オペレーションを進化させる
現場のWEBマガジンpowered by Bewith

戦略的で現場ドリブンなPoCのススメ

  • #AI
  • #音声認識
  • #PoT
  • #PoC

DIGITAL

小笠原大介

2021.05.13

「試してみたい!」が実現する時代

私がシステム会社に新入社員としてデビューした頃は、2000年問題に震え上がっていた頃でした。
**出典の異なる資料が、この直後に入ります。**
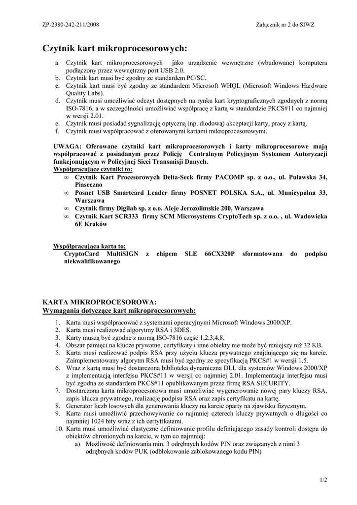 Załącznik nr 2 do siwz - opis czytnika i kart mikroprocesorowych

新年度を迎え「新しいことをすること」と、「過去のシステム的な遺産をどうにかする(しないといけない)」と、という狭間で先輩社員は揺れていました。

最近は、そんな季節変動の機運のおかげでシステムの刷新も検討する時期なのか、最新のコンタクトセンターシステムを試してみたい、という要望をいただくことが多くなってきています。

例えば、認知度としては高くなってきた印象のある音声認識も、コンタクトセンターの実運用において普及しているか、というとまだまだなのが実情ではないでしょうか。

当社のサービス『Omnia LINK』においても、音声認識を活用しリアルタイムにオペレーターとお客様との会話をテキスト化し、その内容に基づいてFAQを自動でレコメンドし表示してくれるステキな機能がありますが、デモでご紹介すると、「わー♡」という反応が必ずあがる一方で、今のFAQの整備状況などを思い返していただくと本当に使えるようになるまでハードルがあるという現実にぶつかり、なかなか効果を判断できる方が少ないのも実態として感じています。

「先進的な機能など本当に使えるのだろうか」、はたまた「今使っているサービスが塩漬け状態でもはや使ってないので新しいものなど使いこなせるのか」など思案されてその先の一歩が重いという方もいらっしゃるのではないかと思います。きっかけや目的も様々だと思いますが、そのような方々の「一度試してみたい!」というご要望にはぜひお応えしたい。
そこで、音声認識ソリューションを題材に、どのようにお客様の「試してみたい!」にお応えできるかを考えてみました。

大きく2つの観点での「試してみたい!」について、本日はお話しします。

①    機能を確認してみたい ~PoT(Proof of Technology)~
②    実運用を想定して使えるか確認してみたい ~PoC(Proof of Concept)~

①機能を確認してみたい  ~PoT(Proof of Technology)~

そもそもなぜテスト的に利用してみたい、という声があがってくるのか、ですが、まず浮かぶのは「机上での比較の限界」という点。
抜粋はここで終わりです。